Important: Only cache responses where temperature=0. Non-deterministic responses should not be cached — users expect variety.

Production warning: The naive approach above scans all keys linearly. For production, use a vector database (pgvector, Pinecone, Qdrant) for the embedding lookup. The pattern is the same — you’re just replacing the Redis scan with a proper vector similarity search.

Response Caching with Redis

For deterministic queries where the input is exactly the same (not just similar), a simple key-value cache works.

import hashlib
import json
import redis
from openai import OpenAI

client = OpenAI()
cache = redis.Redis(host="localhost", port=6379, db=0)

def cached_llm_call(
    messages: list[dict],
    model: str = "gpt-4o",
    temperature: float = 0,
    cache_ttl: int = 3600,
) -> str:
    """LLM call with exact-match response caching."""
    if temperature > 0:
        # Non-deterministic — skip cache
        response = client.chat.completions.create(
            model=model, messages=messages, temperature=temperature
        )
        return response.choices[0].message.content

    # Build a cache key from the full request
    cache_input = json.dumps({
        "model": model,
        "messages": messages,
        "temperature": temperature,
    }, sort_keys=True)
    cache_key = f"llm:exact:{hashlib.sha256(cache_input.encode()).hexdigest()}"

    # Check cache
    cached = cache.get(cache_key)
    if cached:
        return cached.decode("utf-8")

    # Cache miss
    response = client.chat.completions.create(
        model=model, messages=messages, temperature=temperature
    )
    result = response.choices[0].message.content

    cache.setex(cache_key, cache_ttl, result)
    return result

This is dead simple and saves the most money for applications with repeated identical queries — FAQ bots, classification endpoints, extraction pipelines.

Model Routing: Cheap Models for Easy Queries

Not every query needs GPT-4o or Claude Sonnet. A question like “What are your business hours?” can be answered by a model that costs 10-25x less. Model routing sends each query to the cheapest model that can handle it well.

from openai import OpenAI
from enum import Enum

client = OpenAI()

class ModelTier(Enum):
    CHEAP = "gpt-4.1-nano"      # $0.10/1M input
    MEDIUM = "gpt-4.1-mini"     # $0.40/1M input
    EXPENSIVE = "gpt-4.1"       # $2.00/1M input

# Cost ratios: CHEAP is 20x cheaper than EXPENSIVE

def classify_query_complexity(query: str) -> ModelTier:
    """Use a cheap model to classify query complexity."""
    response = client.chat.completions.create(
        model="gpt-4.1-nano",  # Classification itself uses the cheapest model
        messages=[
            {
                "role": "system",
                "content": """Classify the user query complexity.
Reply with ONLY one word: SIMPLE, MEDIUM, or COMPLEX.
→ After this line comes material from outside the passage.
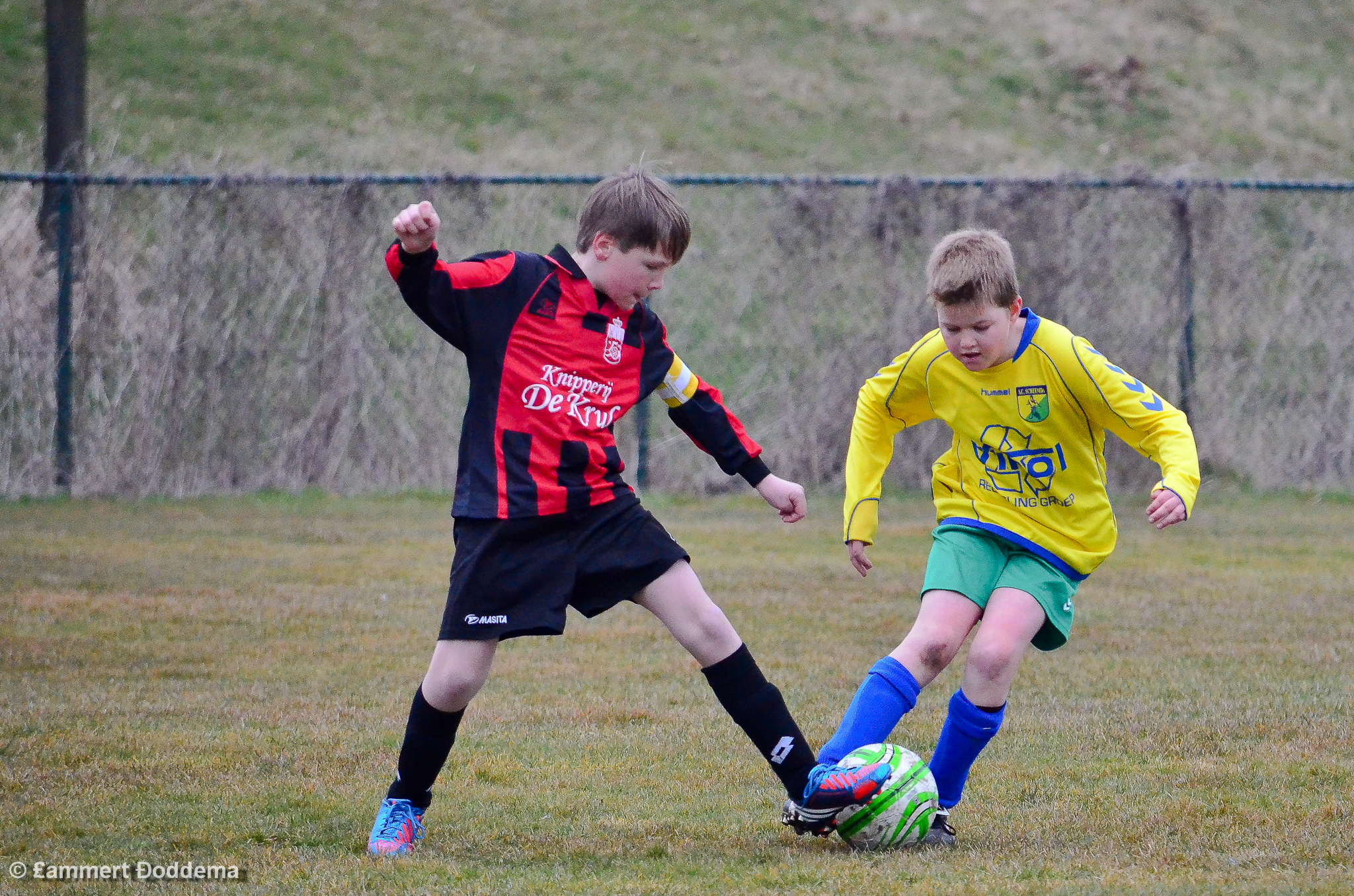Tom zet een speler van Sc Scheemda de voet dwars

SIMPLE: Factual lookups, yes/no questions, greetings, simple formatting.
MEDIUM: Summaries, comparisons, explanations of concepts, multi-step but straightforward.
COMPLEX: Analysis, creative writing, code generation, multi-document reasoning, nuanced judgment.""",
            },
            {"role": "user", "content": query},
        ],
        max_tokens=10,
        temperature=0,
    )

    classification = response.choices[0].message.content.strip().upper()

    mapping = {
        "SIMPLE": ModelTier.CHEAP,
        "MEDIUM": ModelTier.MEDIUM,
        "COMPLEX": ModelTier.EXPENSIVE,
    }
    return mapping.get(classification, ModelTier.MEDIUM)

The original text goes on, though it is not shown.